■ What to do
Reproduce the listing below exactly, except for its pictures.

=== Section Start ===

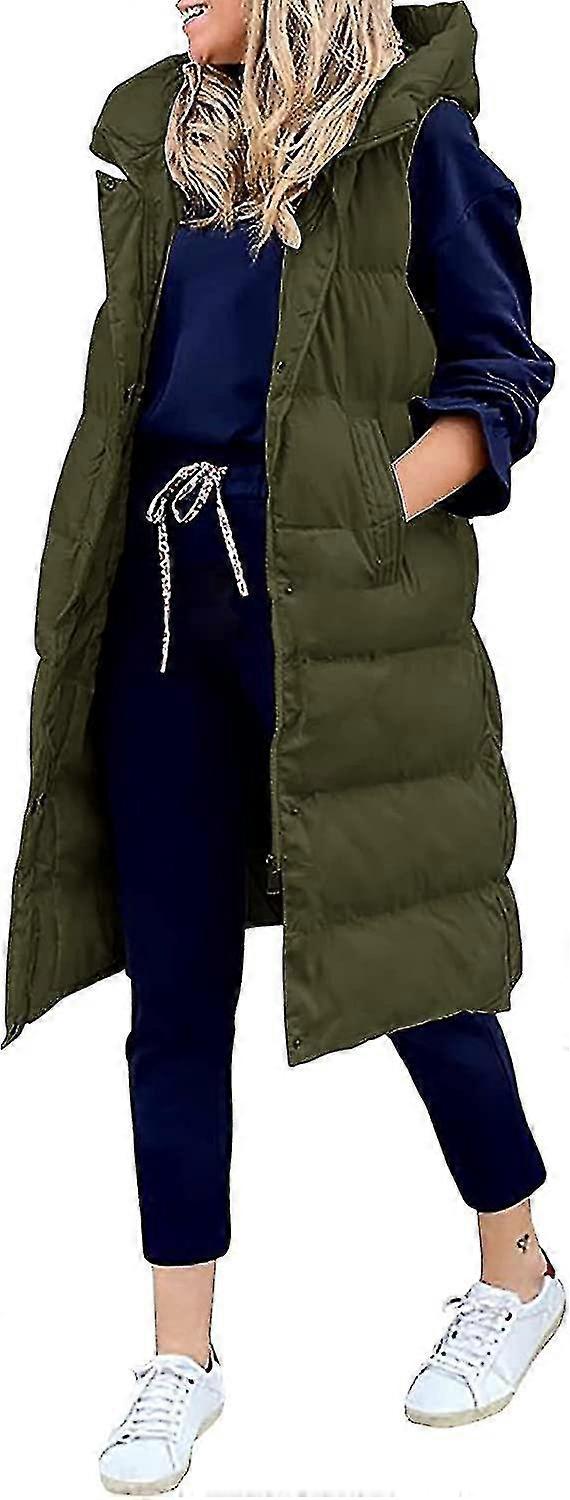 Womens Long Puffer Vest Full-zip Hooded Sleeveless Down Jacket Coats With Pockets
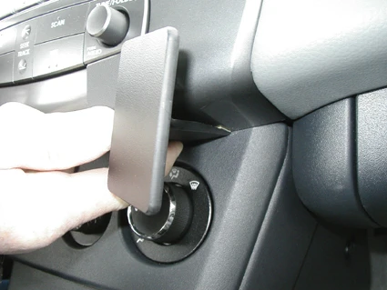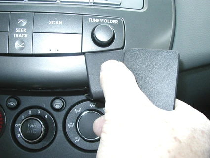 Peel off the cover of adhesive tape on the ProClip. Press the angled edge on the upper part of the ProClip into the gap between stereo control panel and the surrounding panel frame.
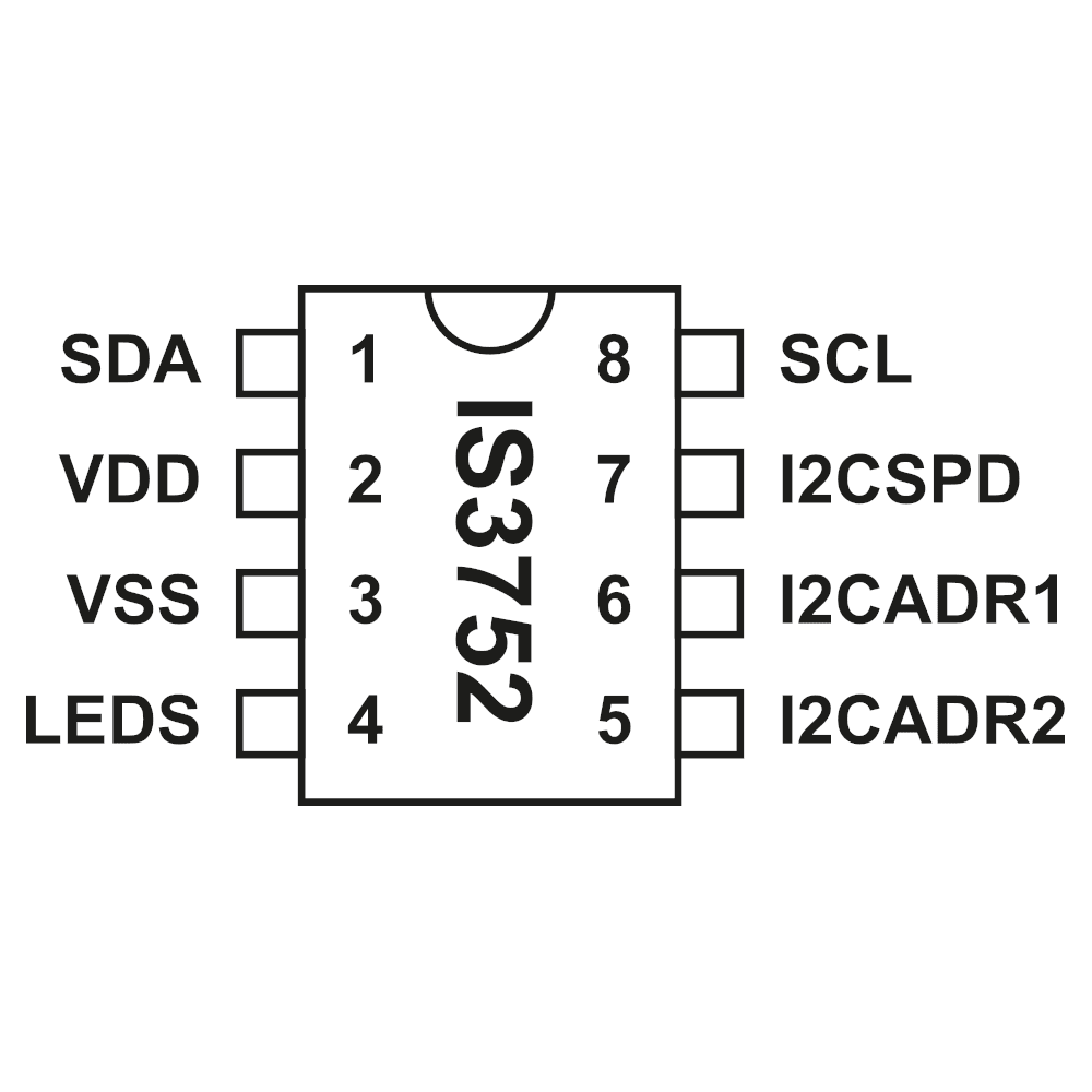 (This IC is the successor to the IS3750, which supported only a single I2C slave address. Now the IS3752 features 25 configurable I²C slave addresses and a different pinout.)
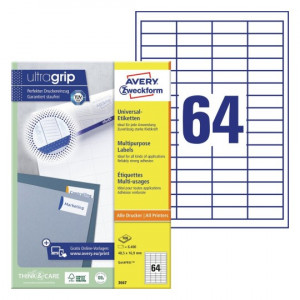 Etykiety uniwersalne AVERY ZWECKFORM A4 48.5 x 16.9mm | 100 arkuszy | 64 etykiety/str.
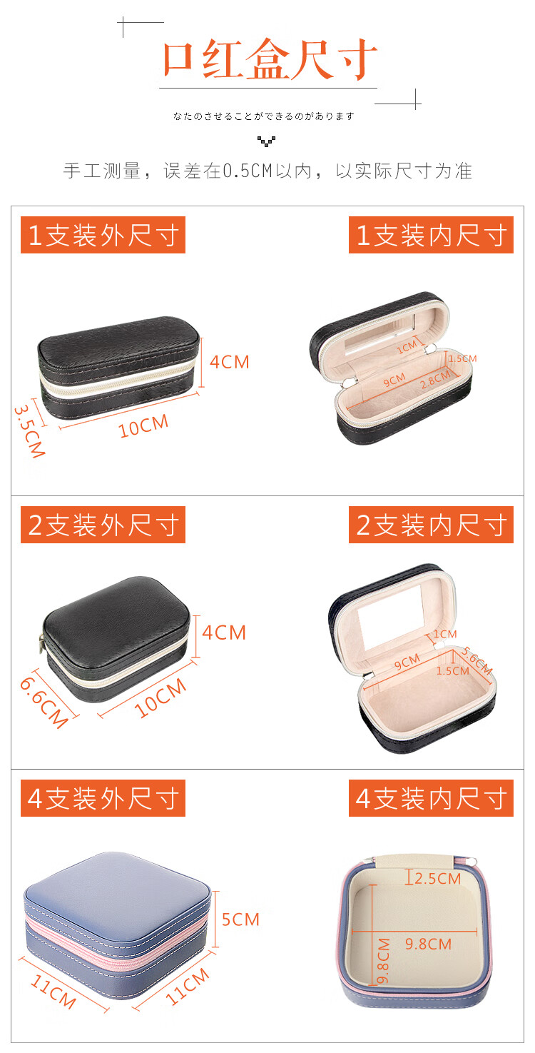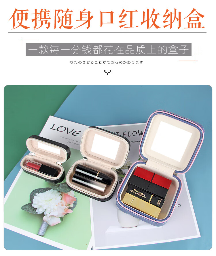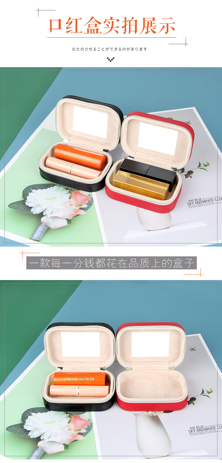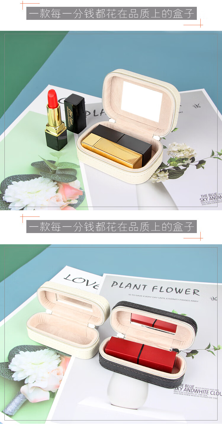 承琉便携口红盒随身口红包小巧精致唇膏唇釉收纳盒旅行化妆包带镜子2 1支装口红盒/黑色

=== Section End ===

■ Exercise output
 Womens Long Puffer Vest Full-zip Hooded Sleeveless Down Jacket Coats With Pockets
 Peel off the cover of adhesive tape on the ProClip. Press the angled edge on the upper part of the ProClip into the gap between stereo control panel and the surrounding panel frame.
 (This IC is the successor to the IS3750, which supported only a single I2C slave address. Now the IS3752 features 25 configurable I²C slave addresses and a different pinout.)
 Etykiety uniwersalne AVERY ZWECKFORM A4 48.5 x 16.9mm | 100 arkuszy | 64 etykiety/str.
 承琉便携口红盒随身口红包小巧精致唇膏唇釉收纳盒旅行化妆包带镜子2 1支装口红盒/黑色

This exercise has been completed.